Prevalence, Nature and Causes of Injuries in Female Handball Players

Greta Jarmalaitė, Kornelija Jonaitytė, Vilma Dudonienė

Abstract


Background. Highly skilled athletes do not avoid sports injuries. In order to reduce the prevalence of injuries among female elite handball players, it is necessary to determine the most often injuried body parts and the causes of injuries. The aim of the study was to determine the prevalence, nature and causes   in Lithuanian female elite handball players. Methods. Fifteen Lithuanian elite female handball players participated in the study. The age of the subjects was 20.4 ± 3.03 yrs. The subjects were asked to complete a questionnaire, answering questions about the prevalence, localization, frequency and nature of athletic injuries. Results. The subjects have training sessions six times a week, one workout lasts more than one hour. During the last season, 80% of the subjects suffered injuries (67% acute, 13% chronic). The most common injuries were ligament strain (46.2%) or tear (38.5%), less frequent ligament or muscle rapture (30.8%), and the least frequent – fracture (15.4%).
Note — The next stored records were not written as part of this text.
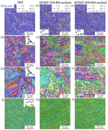 SEM EBSD images of steel microstructure after THT (a,d,g,j), HTMT in the section, parallel to the rolling plane (b,e,h,k), and in the cross section (c,f,i,l). Phase maps (a–c), where BCC-Fe is in blue color. IPF (Inverse Pole Figures) orientation maps (d–i), corresponding GND (Geometrically Necessary Dislocations) maps (j–l). High-, low-angle, and twin boundaries denoted by black, white and red lines, respectively.
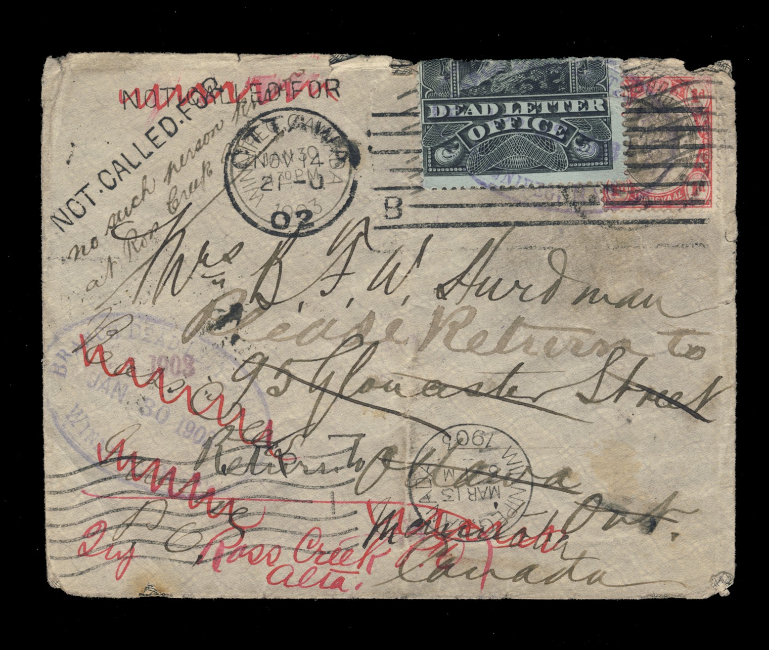 1903 Queen Victoria Officially Sealed Stamp on bluish paper used on cover, originating from Johannesburg, Transvaal, franked by 1d. King Edward paying the letter rate to Ottawa where it was redirected to Ross Creek, Alberta. Letter has cancels from Winnipeg Dead Letter Office (JA 30 1903) Fort Saskatchewan, AB (FE 3 1903), Bruederheim, AB (MR 7 1903), Winnipeg, MB (MR 12 1903), Winnipeg Dead Letter Office (MR 22 1903), Bruederheim, AB (MR 28 1903), Ross Creek (AP 08 1903). Finally the letter was returned to Transvaal and has a Johannesburg JU 20 1903 Dead Letter Office cancel tying the Officially Sealed Stamp to the cover. Stamp has been severed in 2 pieces from opening of the letter, which is consistent with its use, otherwise the cover is actually quite nice given the extent of its travel. This is likely the most exotic known usage of OX2 and represents a lovely exhibit item. Accompanied by 2009 Richard Gratton AIEP certificate. Unitrade CV $4000
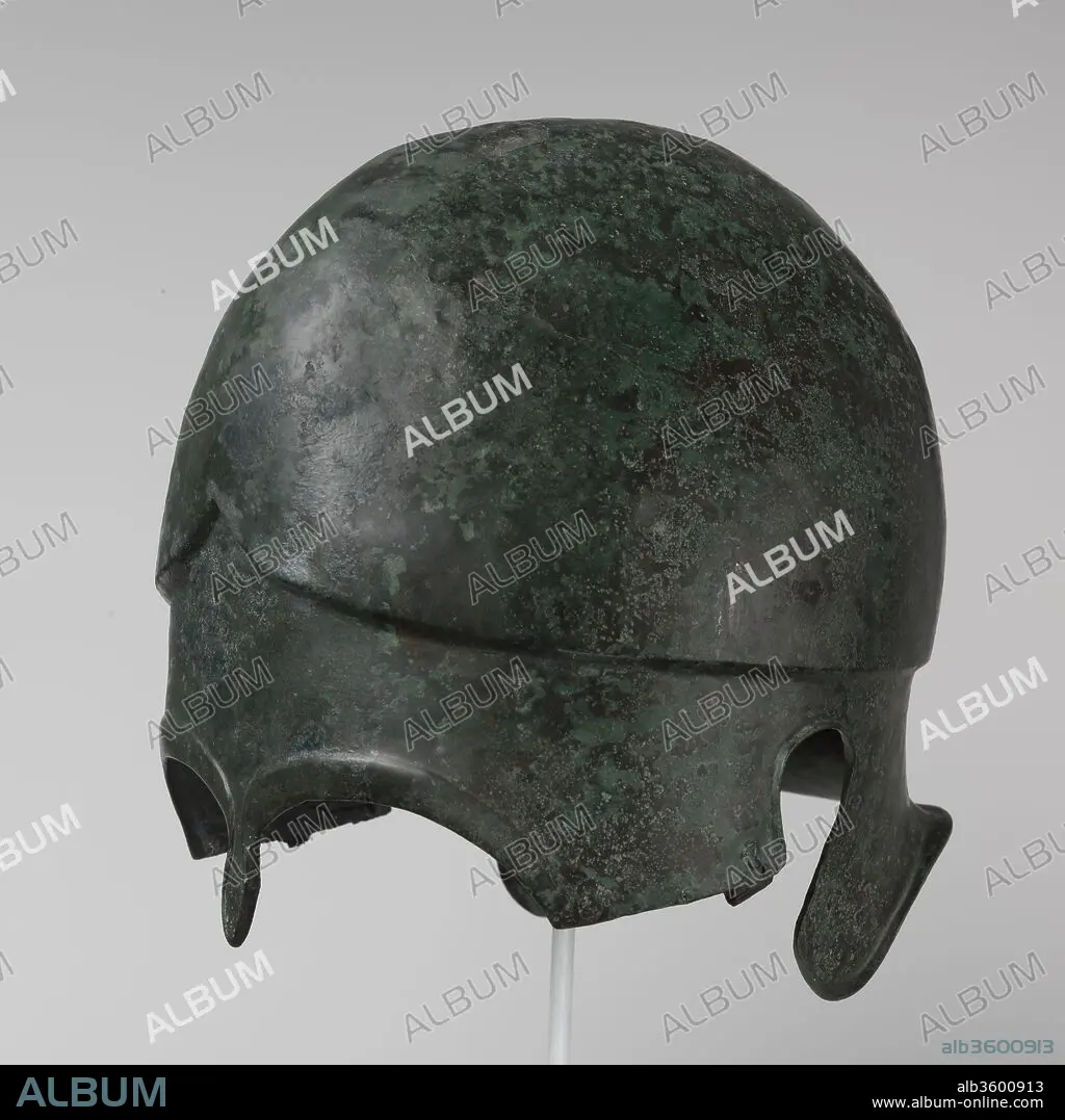 Traducción automática: Casco de bronce de tipo calcidio. Cultura: Griega. Dimensiones: H. 9 1/2 pulg. (24,1 cm) Ancho: 7 3/4 pulg. (19,7 cm) Profundidad 9 3/4 pulg. (24,8 cm). Fecha: 5ª-4ª siglo A.C. Este ejemplo representa una variante en la que las carrilleras están articuladas en lugar de una sola pieza continua.
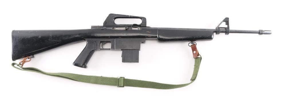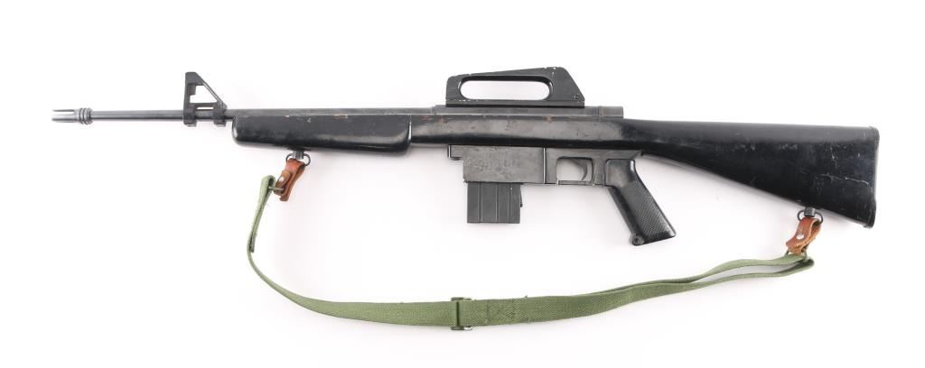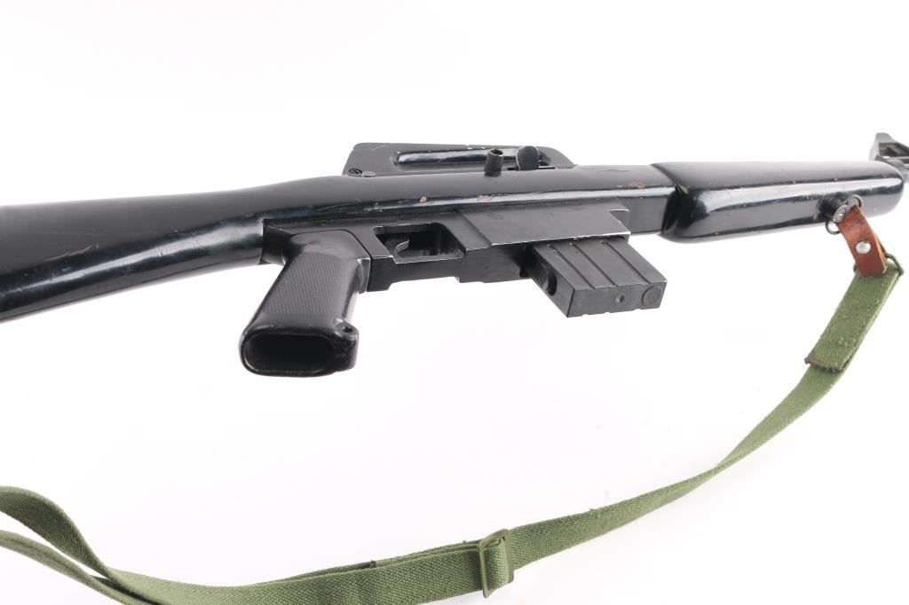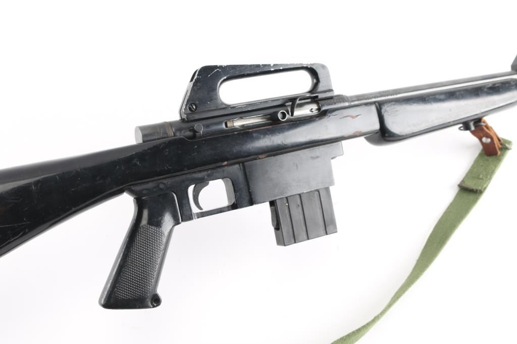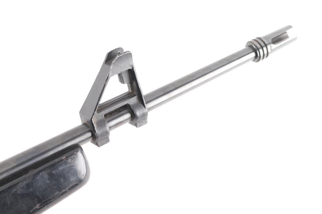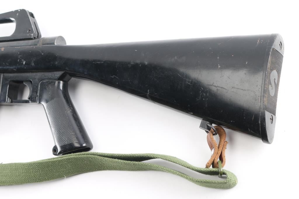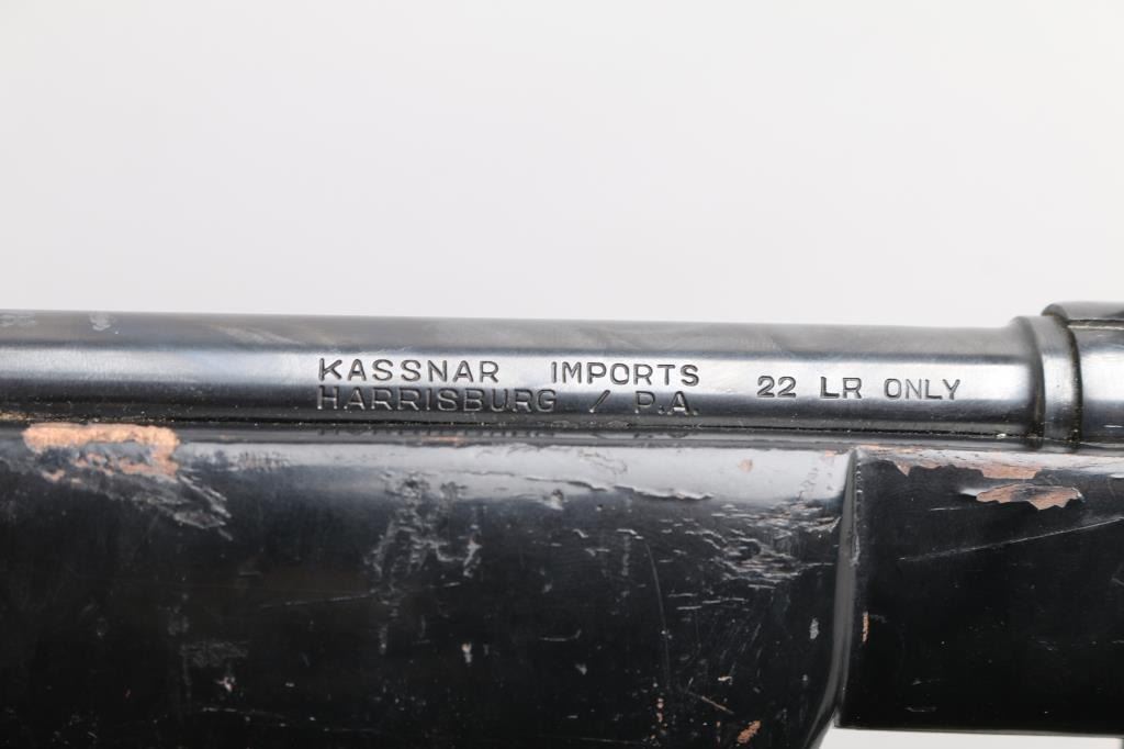 .22 Lr Sn: 1003568 Semiautomatic rifle made in the Phillipine Islands to appear very similar to AR15/M-16 type rifles, imported by Kassnar Imports, Harrisburg PA. Features a wood stock painted black, pistol grip, carry handle, prong style flash suppressor, triangular front sight base, sling swivels, approx 17.5 inch barrel. Magazine is mounted in a larger aluminum block to match the general appearance of a 20 round AR magazine, holds 10 rounds. Shell deflector. Bore is excellent/bright. Retains 80% finish with bare metal at sharp edges and sides of sight bases. Includes magazine and green canvass sling.
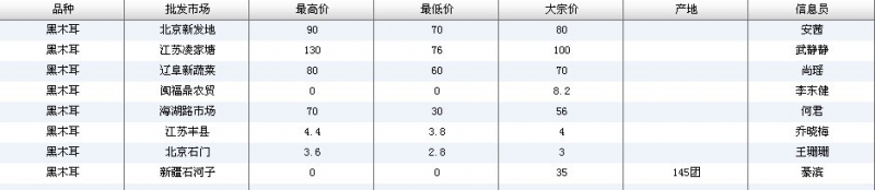 2012.06.28 黑木耳全国批发市场价格行情 单位(元/公斤) 来源:全国农产品批发市场价格信息网

In most cases players suffered from fnger (26%), and knee (20%) and ankle (20%) injuries. Elbows (9%) and wrists (7%) were less likely to be traumatized. Head (2%) and hip (2%) injuries were uncommon in handball. Conclusion. The vast majority of elite female handball players experienced injuries during the sports season. The most prevelent hand injuries in female athletes were fnger injuries and acute ankle or knee injuries in legs.

Keywords: handball, females, injuries.